Equally central to PIG DESTROYER’s mastery on Prowler In The Yard is the tag-team of guitarist and principal songwriter Scott Hull and the octopus-like drummer Harvey. While the band’s line-up would go on to expand and change over the years, in 2001 it was just the two of them providing the backdrop for Hayes’ tortured musings. Clearly, they didn’t need much else. With Hull’s razor-sharp riffs and Harvey’s mesmeric drumming, the duo provided not only all the grindcore essentials, but also leaned more heavily into their metal side for the first time. Perhaps most obvious is the thrash metal influence of a band like SLAYER, particularly on tracks like Trojan Whore and Naked Trees, but there’s also a hefty touch of doom and sludge, most notably on another album highlight Starbelly.

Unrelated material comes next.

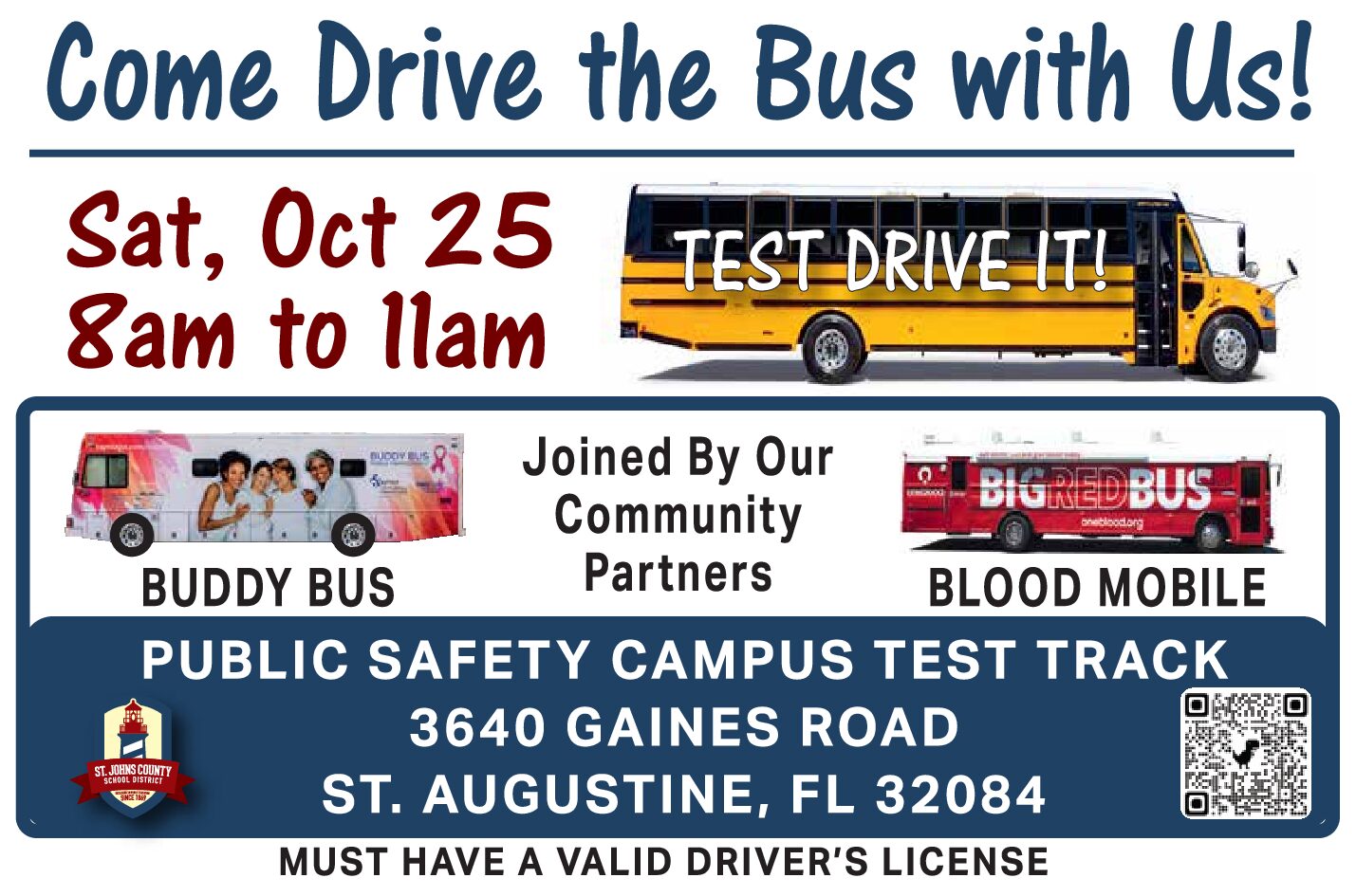 On Saturday, October 25, from 8am to 11am, the St. Johns County School District Transportation Department will be hosting a unique recruitment event called “Come Drive the Bus with Us” at First Coast Technical College’s Public Safety Campus located at 3640 Gaines Road in St Augustine. This is more than an open house for interested bus drivers, but an opportunity to drive it before you apply for it!

It was this vicious concoction that saw Prowler In The Yard leave an indelible mark on the landscape of extreme music. In March 2009, Terrorizer named it the third best American grindcore release of all time, and it is currently ranked as the 34th best album of 2001 in any genre on Rate Your Music. Let’s not mince words here, we’re talking about a grim and gory grindcore record sitting alongside not only game-changing albums from our world like Lateralus and Toxicity, but also sharing space with pop-culture touchstones from the likes of JAY-Z, DAFT PUNK and THE STROKES. Today, the album’s influence continues to be heard both within its genre and beyond, and one need only listen to the reception of the tracks from this record on the band’s recent live release, Pornographers Of Sound, to see how clearly adored these songs remain.
PIG DESTROYER would go on to further greatness and critical acclaim with every release that followed, including most obviously on 2004’s Terrifyer and 2012’s Book Burner, but it was this record with which the band first and most decisively moved the goalposts of American grindcore. From the eye-widening horror of its computerised spoken opener, to its nausea-inducing artwork, Prowler In The Yard remains PIG DESTROYER’s most suffocating, most deranged, and most downright disturbing magnum opus.
Prowler In The Yard was originally released on July 24th 2001 via Relapse Records.